Astros Organizational ReportThe following is a continuation of our Organizational Reports, filed by Devon Teeple and Maury Brown. As with the prior reports for the Los Angeles Dodgers, San Diego Padres, the Toronto Blue Jays, and the Pittsburgh Pirates, this report delves into the Houston Astros historically, financially, and from a facility perspective. -- Maury Brown

The Astrodome, Enron Field and now Minute Maid Park.

Wherever the Houston Astros seem to play, it is always involving some historical point.

The Astrodome billed as the eight-wonder of the world, by the Astros original owner Judge Roy Hofheinz, the Astrodome was the first professional baseball stadium to have a roof over the playing field.

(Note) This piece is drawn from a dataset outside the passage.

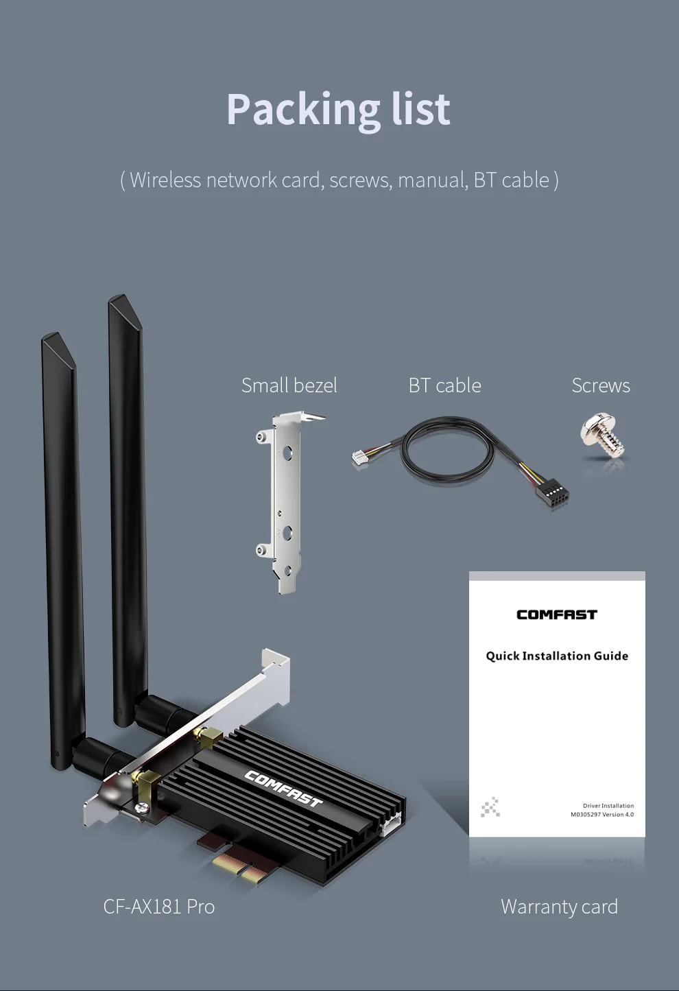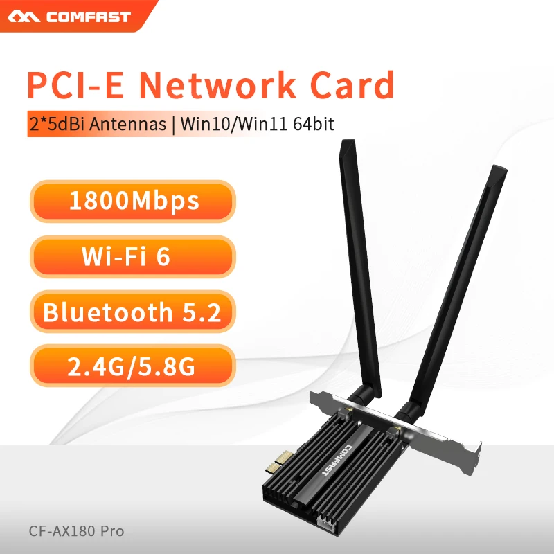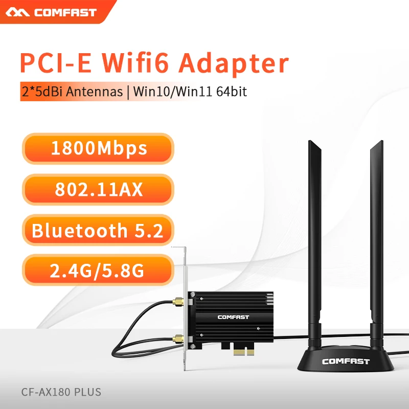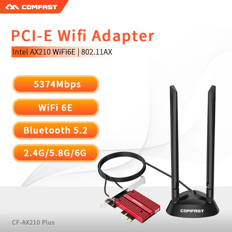 3000Mbps WiFi 6 PCIE Wireless WiFi Adapter Bluetooth 5.2 Intel AX210 Dual Band 2.4G/5Ghz PCI Express 802.11AX Wi-Fi Network Card Specification: 1.Brand: COMFAST 2.Model: CF-AX181 Pro PCI-E PC wifi adapter(See Details); 3.Chipest: Wifi 6E Card Chipset:AMD RZ608( MT7921K); 4.New Wi-Fi with Blutetooth 5.2; 5.Standard IEEE: 802.11ax/ac/a/b/g/n; Dual Band 2.4Ghz-600Mbps/5Ghz-1201Mbps/6Ghz-1201Mbps; 6.Note:…

It also had “Skyboxes” which we are so used of in today’s game and a two million dollar scoreboard. The ceiling was covered with these cream-colored panels, but the ball was too difficult to see, so the tiles were painted and thus, the grass died. The Astros to the rescue, this led to an artificial grass being installed in the stadium known as Astroturf. The first game was played in 1966.

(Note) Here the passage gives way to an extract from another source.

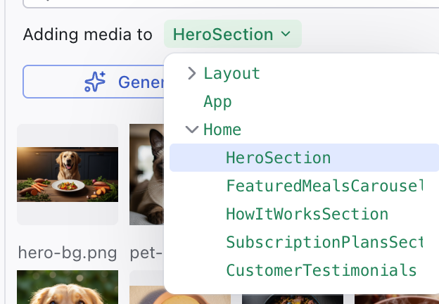 - Adding media to — a scope selector showing which component new media will be added to. Click to choose a different component on the current page.

Fast-forward to 1996. The Houston Oilers are going to leave town and it’s time for the “Stros” to join the revolution and get a new stadium equally known for its name as well as its style. On May 20 1996, it was recommended that Houston and Harris County spend approximately $625 million to build a new baseball stadium downtown and to redo the Astrodome for football and rodeo. According to Astros owner Drayton McLane Jr. he said a new stadium would bring the team closer to the downtown community and it would bring business owners, bar owners, and restaurants and hotels in excess of $60,000,000 in revenue, which included the following teams, baseball, football and basketball. On November 5, 1996, Harris County voters approved the construction of a ballpark in downtown Houston. The park would cost, upon review $265,000,000, with a retractable roof, natural grass, and encompassed nearly 25 acres of downtown Houston, near the old Union Station. To make itself more accessible to fans, the streets surrounding the stadium are; Texas, Congress, Crawford, and US Highway 59.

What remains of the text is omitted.